Here is a link to the article.

http://www.latimes.com/sports/olympics/la-sp-olylorig13-2008aug13,0,5339641.story

I attached a pdf but it has no pictures.


----------



## Serious Fun (May 12, 2003)

08/13 Women's Individual Round of 16 
Check me on this…from the NBC website
Looks like Khatuna Lorig USA competes verses fellow COPARCO archer Ana Maria Rendon of Columbia at:
7:56pm PDST
7:56pm MST
8:56pm MDST
9:56pm CDST
10:56pm EDST


----------



## jhinaz (Mar 1, 2003)

In addition to the times that Bob listed for Katuna I believe Vic can be seen on 8-15-08 as follows:

8:48pm PDST
8:48pm MST
9:48pm MDST
10:48pm CDST
11:48pm EDST


----------



## Hollywood (Oct 24, 2002)

Those times look right to me (for Khatuna and Vic) except that Vic's are on the evening of the 14th (will be the 15th in Beijing).


----------



## Hollywood (Oct 24, 2002)

WOOHOOOOOOOOOOOOO!!!

Great job, Khatuna! nice win at 107-95. Sweet! Onto the quarterfinals!


----------



## Serious Fun (May 12, 2003)

1/4 finals with Khatuna will be in the early AM Continental US Time


----------



## Serious Fun (May 12, 2003)

Khatuna vs Ok-Hee Yun Korea.
Thursday early the 14, a few hours from now.
Check me
1:13 am PDST
1:13 am MST
2:13 am MDST
3:13 am CDST
4:13 am EDST
Then just keep watching, it goes quick.


----------



## Hollywood (Oct 24, 2002)

The video isn't working for me this time. How about you, Bob?


----------



## shootist (Aug 28, 2003)

*not working here either*

Mine isn't working either. It looks like the Chinese lady beat the Korean in the first quarterfinal.


----------



## archer982 (Jun 6, 2007)

I'm not getting nothing either on the nbcolympics site. It seems someone lost video. One Korean archer down btw.


----------



## Hollywood (Oct 24, 2002)

Okay, it finally came back for me halfway through the match. It was raining quite a bit. Really nice last end for Khatuna but she couldn't quite do it. Yun is so difficult to beat. We are SOOOOOOOOO proud of you, Khatuna!!


----------



## archer982 (Jun 6, 2007)

Great run for Khatuna Lorig. *Applause*

EDIT: Heavy rain again.


----------



## wis_archer (Jul 27, 2007)

107, not bad. If she can step it up making those 8s into 9s, I think she stands a very good chance of getting into the gold medal match.

GOOD LUCK!!!


----------



## wis_archer (Jul 27, 2007)

Yun is just collapsing!!!


----------



## wis_archer (Jul 27, 2007)

Well Yun lost to my surprise.


----------



## archer982 (Jun 6, 2007)

Korean streak is in danger.


----------



## archer982 (Jun 6, 2007)

That gold medal match was intense. The Korean Olympic gold streak has been broken! Congrats to Zhang Juan Juan, she really had to earn it and to do it infront of her countrymen and women has to be something amazing.

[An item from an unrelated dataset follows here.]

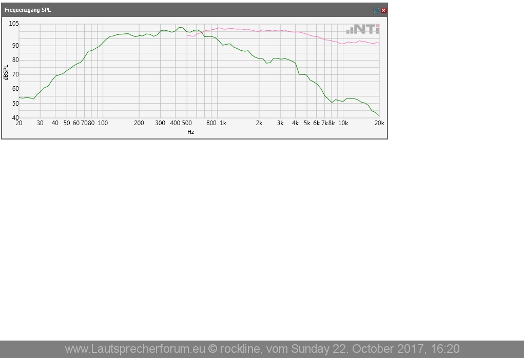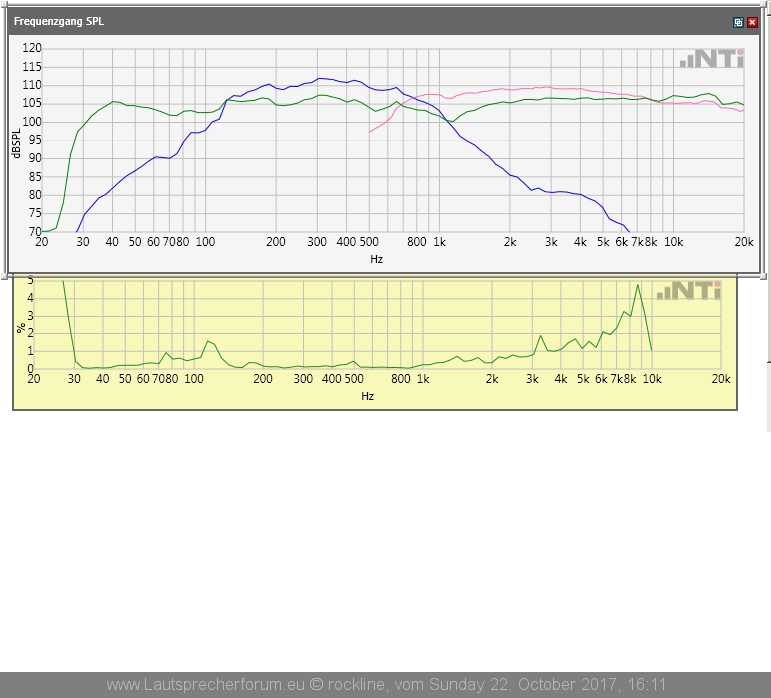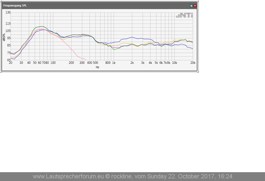 Zuerst mal das grundsätzliche Thema: das ist alles nicht im schalltoten Messraum gemessen! Also nicht überbewerten und mit Messungen aus dem PP vergleichen. Messanalyzer war ein NTi FX100 mit einem Isemcon Mikrofon. Die SPL Kalibrierung ist korrekt.

I almost yelled at the top of my lungs when she hitted that final 9 to seal the deal.


----------



## Hollywood (Oct 24, 2002)

Wow! That was *very* exciting! So happy for Zhang - couldn't hurt to have the crowd all behind you! She really kept her cool. First time since 1984 that a Korean woman didn't win the gold in individual matches.


----------



## Sleepyarcher (Jul 29, 2004)

Sorry to interupt but I had a question: I saw a lot of archers use what looks like shoe string as the finger sling, anyone know how to tie or knot those?

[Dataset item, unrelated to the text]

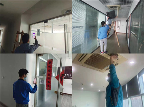 因适逢疫情期间,此次清洗工作严格要求空调维保单位工作人员分别扫各楼栋及企业门铃码并核验两码测温后进入各楼栋开展清洗内机作业。

congrats to China for winning, about time someone takes them Koreans down, see no one is invincible. congrats to Khatuna she made all us proud. 

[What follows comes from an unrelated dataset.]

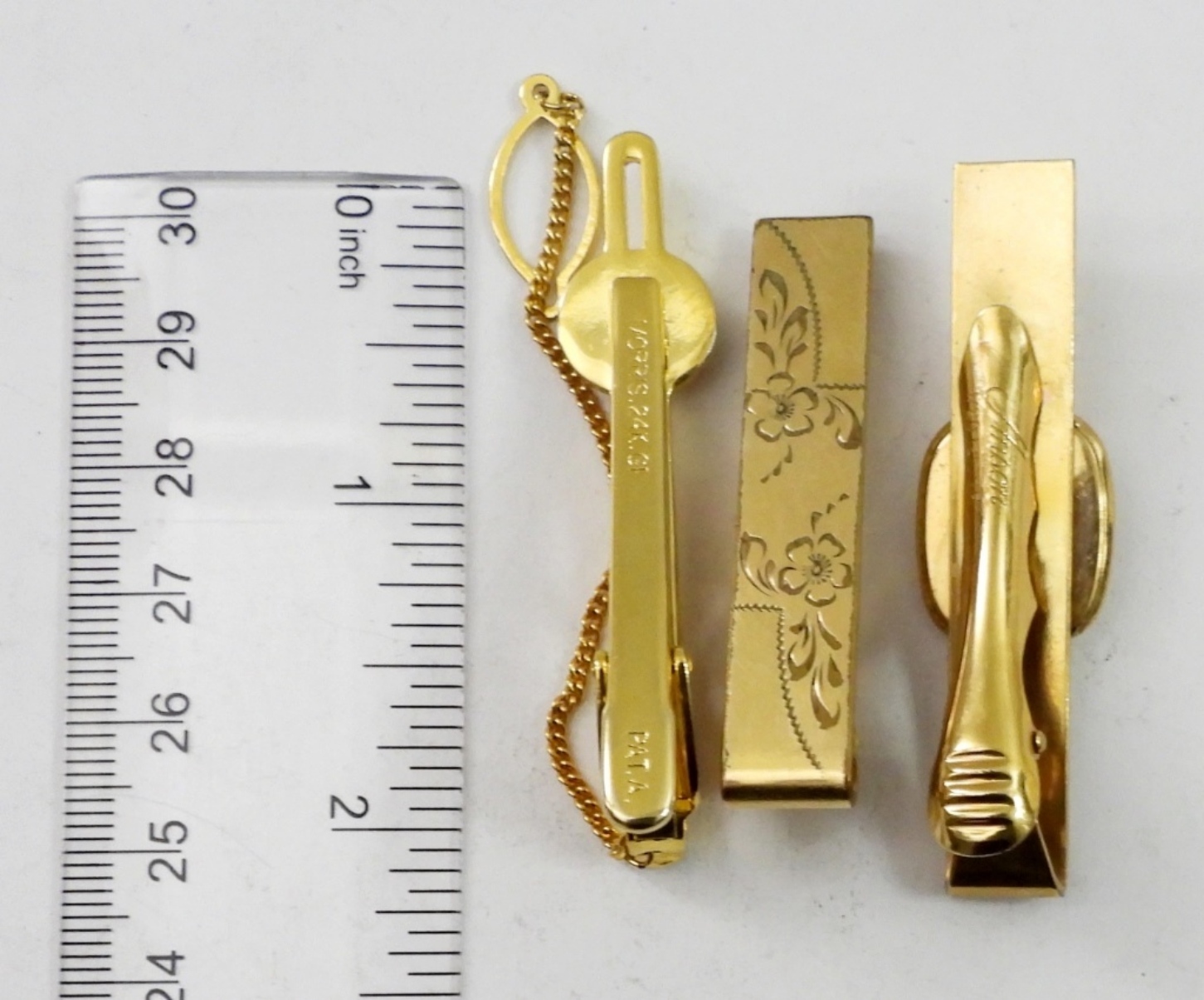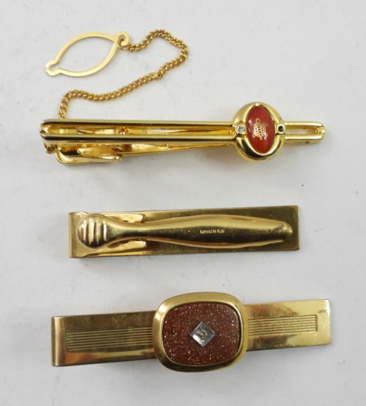 3 GOLD FILLED TIE TACKS. MARKED; “ANSON 1/20 12K GF”, “1/20 12K GF” & “MORRIS 24K GF”. 16.2 DWT

Now we wait to see how Vic does....


----------



## toptox (Jul 9, 2008)

Sleepyarcher said:


> Sorry to interupt but I had a question: I saw a lot of archers use what looks like shoe string as the finger sling, anyone know how to tie or knot those?
> 
> congrats to China for winning, about time someone takes them Koreans down, see no one is invincible. congrats to Khatuna she made all us proud.
> 
> Now we wait to see how Vic does....


There is a thread on AT right here:

http://www.archerytalk.com/vb/showthread.php?t=736911

Congratulations and thanks to Khatuna, I hope she's heard from her family and they are safe. 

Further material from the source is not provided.